In the field 6 soil DNA extract, the slope of the IAC sample regression curve remained significantly different from the slope of the calibration IAC regression curve, even after 40-fold dilution of the DNA sample. Interestingly, the undiluted and 40-fold-diluted DNA sample IAC regression formulas were highly similar, implying that 40-fold dilution was not sufficient to neutralize completely the negative effect of the undiluted DNA extract on the sample IAC regression curve (further dilutions were not tested because of too much loss of sensitivity). Nevertheless, this event did not affect the possibility of accurate quantification with this new IAC principle.

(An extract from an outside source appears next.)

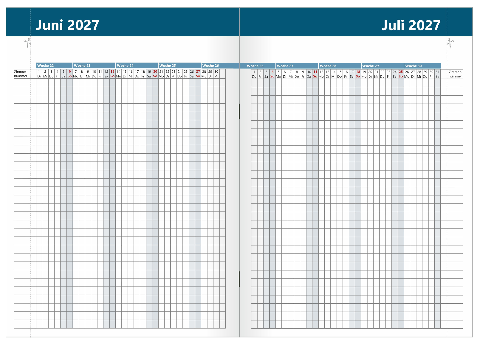 Belegungskalender 2027 mit Zimmernummern

Next-generation qPCR platforms, like the Biotrove OpenArray system, allow parallel mass testing of environmental samples against a wide range of microorganisms. Reliable quantification requires amplification controls that can correct for partial PCR inhibition, as is often observed for environmental soil DNA extracts. We demonstrated that artificially induced partial PCR inhibition in the Biotrove OpenArray system is not target concentration dependent, while low target concentrations were shown to be more sensitive to full PCR inhibition. Partial PCR inhibition in environmental samples, however, did appear to be target concentration dependent. The developed IAC system can be easily adapted for incorporation into TaqMan probe-based detection assays, and the bacterial cells containing the IAC plasmids could potentially be used as extraction controls in future experiments (10
). In addition, the performance of DNA extraction methods can be evaluated. The described IAC system enables accurate adjustments to obtain quantitative data from environmental DNA extracts that possibly inhibit PCR and can be applied for routine screenings of samples from different environmental systems.